◆ Task item ◆
Repeat only these lines, exactly: the first line of the data, the line containing "Powierzchnia użytkowa mieszkania", and every line between them. Pictures stay out.
-------- Material for this exercise
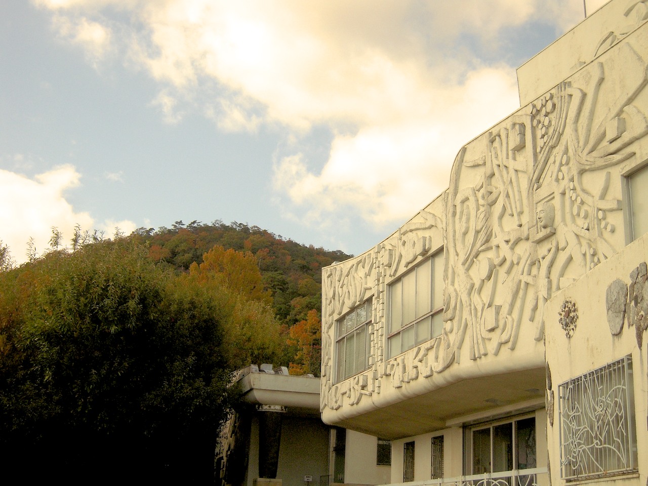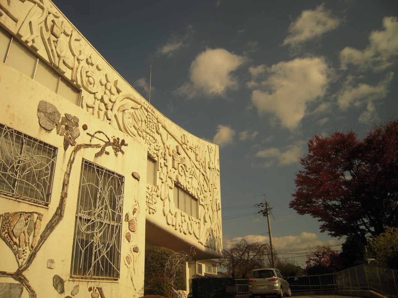 衣笠山を背景に建つ、不思議な形の不思議な模様のついた白い建物。小学生のときには、美術教育に熱心だった担任の先生と、この建物をスケッチしに来ました。
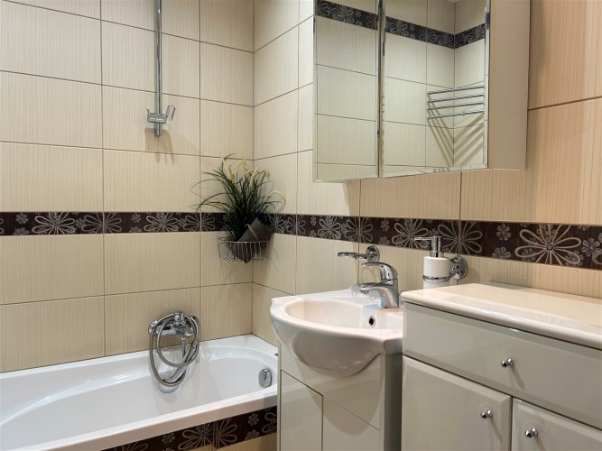 Powierzchnia użytkowa mieszkania to 51m2, na którą składają się dwa rozkładowe usytuowane na wschód i zachód bardzo ustawne pokoje. Duża kuchnia zabudowana jest meblami na wymiar wraz z AGD. Łazienka i wc osobno wykafelkowane glazurą w przyjemnej jasnej kolorystyce. Przedpokój zabudowany spora szafą.
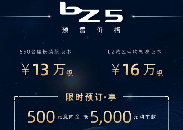 汽车爱好者们注意啦!一汽丰田纯电动中型SUV——bZ5,即将在6月10日正式上市。目前新车已开启预售,提供2款配置选择,预售价区间为13-16万元。现在预订还有超值福利,支付500元意向金就能抵5000元购车款,性价比直接拉满。
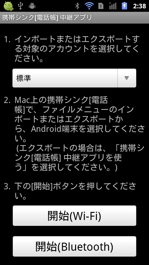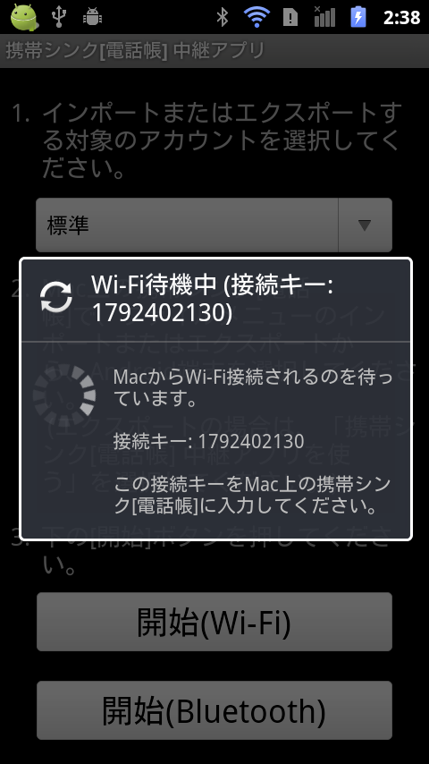 携帯シンク[電話帳] 中継アプリを起動して、[開始(Wi-Fi)] または [開始(Bluetooth)] のボタンを押してください。
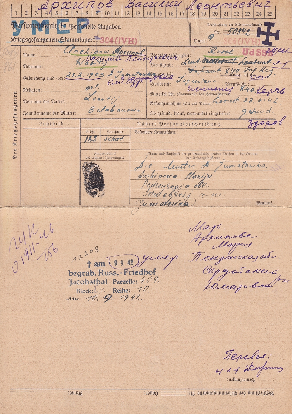 Якобсталь, кладбище для военнопленных, блок 1, участок 409, ряд 10
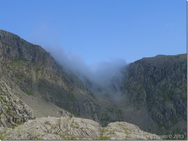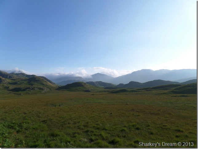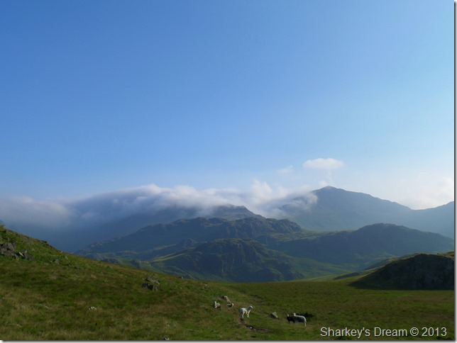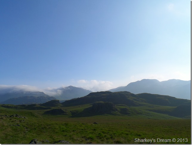 The morning cloud still clung onto the Esk Fells, from here, Esk Hause it seems…does not exist |
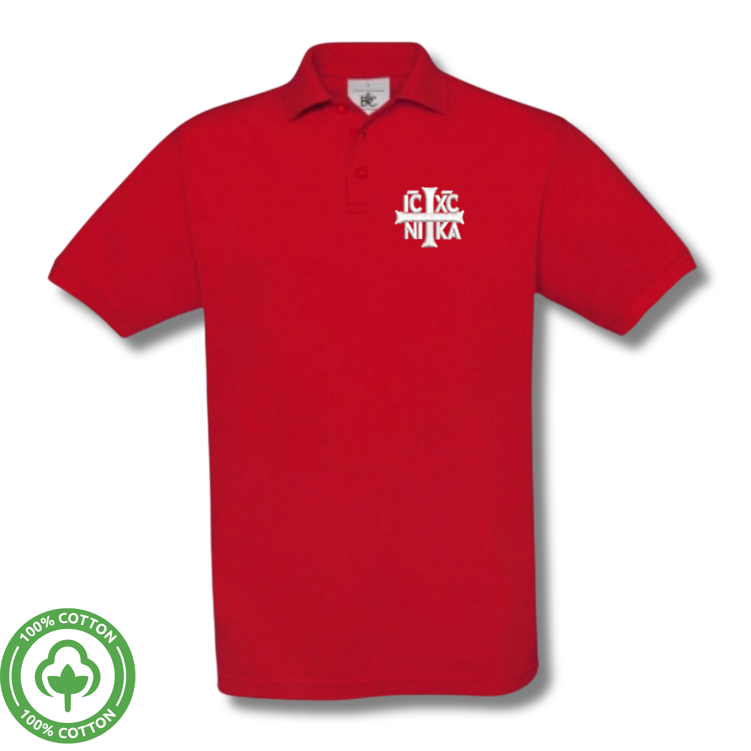 Tricou Polo SACRAL Rosu Brodat Ortodox Religios cu Semnul Sfintei Cruci IC XC NI KA, din Bumbac Organic
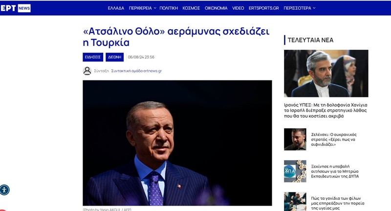 Yunanistan'ın önde gelen gazetelerinden Kathimerini "Entegre hava savunmasının 'Çelik Kubbesi' Cumhurbaşkanı Erdoğan tarafından planlanıyor" başlığını attı.
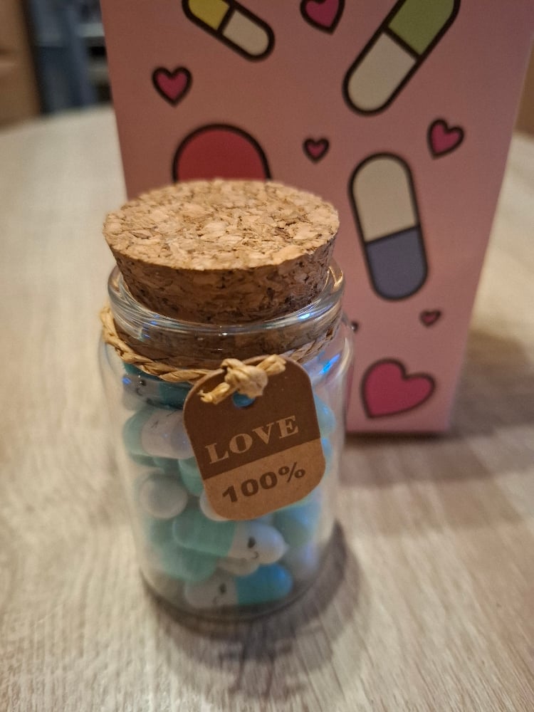 Glass bottle filled with 50 capsules. Each capsule has a little love note in them .
----------------
◆ Output of the exercise ◆
 衣笠山を背景に建つ、不思議な形の不思議な模様のついた白い建物。小学生のときには、美術教育に熱心だった担任の先生と、この建物をスケッチしに来ました。
 Powierzchnia użytkowa mieszkania to 51m2, na którą składają się dwa rozkładowe usytuowane na wschód i zachód bardzo ustawne pokoje. Duża kuchnia zabudowana jest meblami na wymiar wraz z AGD. Łazienka i wc osobno wykafelkowane glazurą w przyjemnej jasnej kolorystyce. Przedpokój zabudowany spora szafą.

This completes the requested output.